Test-driven development
Test-driven development is a software development process that relies on the repetition of a very short development cycle: requirements are turned into very specific test cases, then the code is improved so that the tests pass. This is opposed to software development that allows code to be added that is not proven to meet requirements.
American software engineer Kent Beck, who is credited with having developed or "rediscovered" the technique, stated in 2003 that TDD encourages simple designs and inspires confidence.
Test-driven development is related to the test-first programming concepts of extreme programming, begun in 1999, but more recently has created more general interest in its own right.
Programmers also apply the concept to improving and debugging legacy code developed with older techniques.
Test-driven development cycle
The following sequence is based on the book Test-Driven Development by Example:;1. Add a test
;2. Run all tests and see if the new test fails
;3. Write the code
;4. Run tests
;5. Refactor code
;Repeat
Development style
There are various aspects to using test-driven development, for example the principles of "keep it simple, stupid" and "You aren't gonna need it". By focusing on writing only the code necessary to pass tests, designs can often be cleaner and clearer than is achieved by other methods.
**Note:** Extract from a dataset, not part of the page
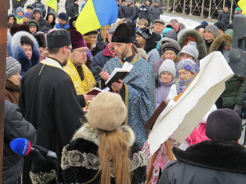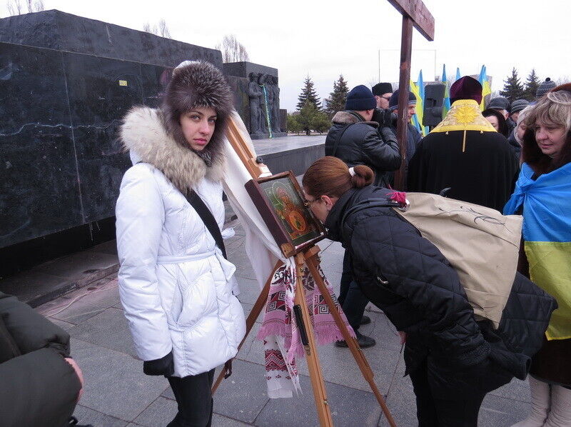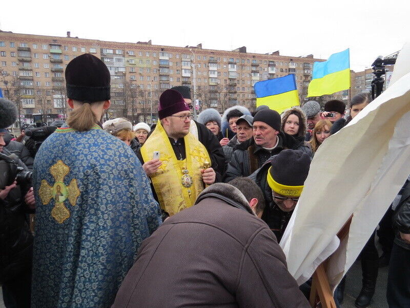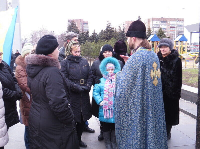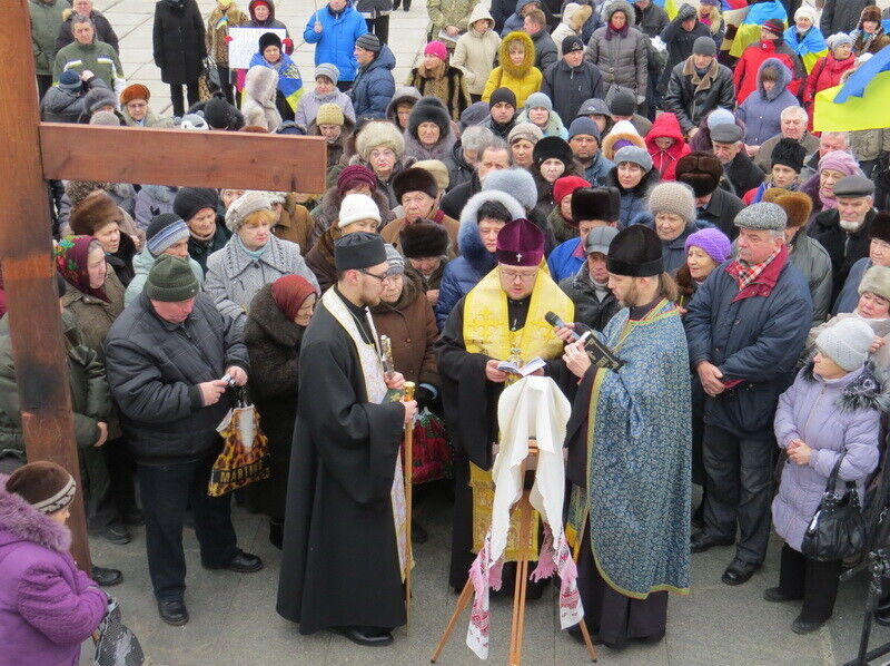 В воскресенье в 8.30 утра жители Мариуполя собрались на молебен в память всех погибших за время военных действий и за мир в Мариуполе и Украине. Как сообщает пресс-служба Мариупольского горсовета, молебен проходил перед мироточащей иконой Божьей Матери "Знамение" из прихода Великомученика и Целителя Пантелеймона (Украинской Православной Церкви Киевского Патриархата).

In Test-Driven Development by Example, Kent Beck also suggests the principle "Fake it till you make it".To achieve some advanced design concept such as a design pattern, tests are written that generate that design. The code may remain simpler than the target pattern, but still pass all required tests. This can be unsettling at first but it allows the developer to focus only on what is important.
Writing the tests first: The tests should be written before the functionality that is to be tested. This has been claimed to have many benefits. It helps ensure that the application is written for testability, as the developers must consider how to test the application from the outset rather than adding it later. It also ensures that tests for every feature get written. Additionally, writing the tests first leads to a deeper and earlier understanding of the product requirements, ensures the effectiveness of the test code, and maintains a continual focus on software quality. When writing feature-first code, there is a tendency by developers and organisations to push the developer on to the next feature, even neglecting testing entirely. The first TDD test might not even compile at first, because the classes and methods it requires may not yet exist. Nevertheless, that first test functions as the beginning of an executable specification.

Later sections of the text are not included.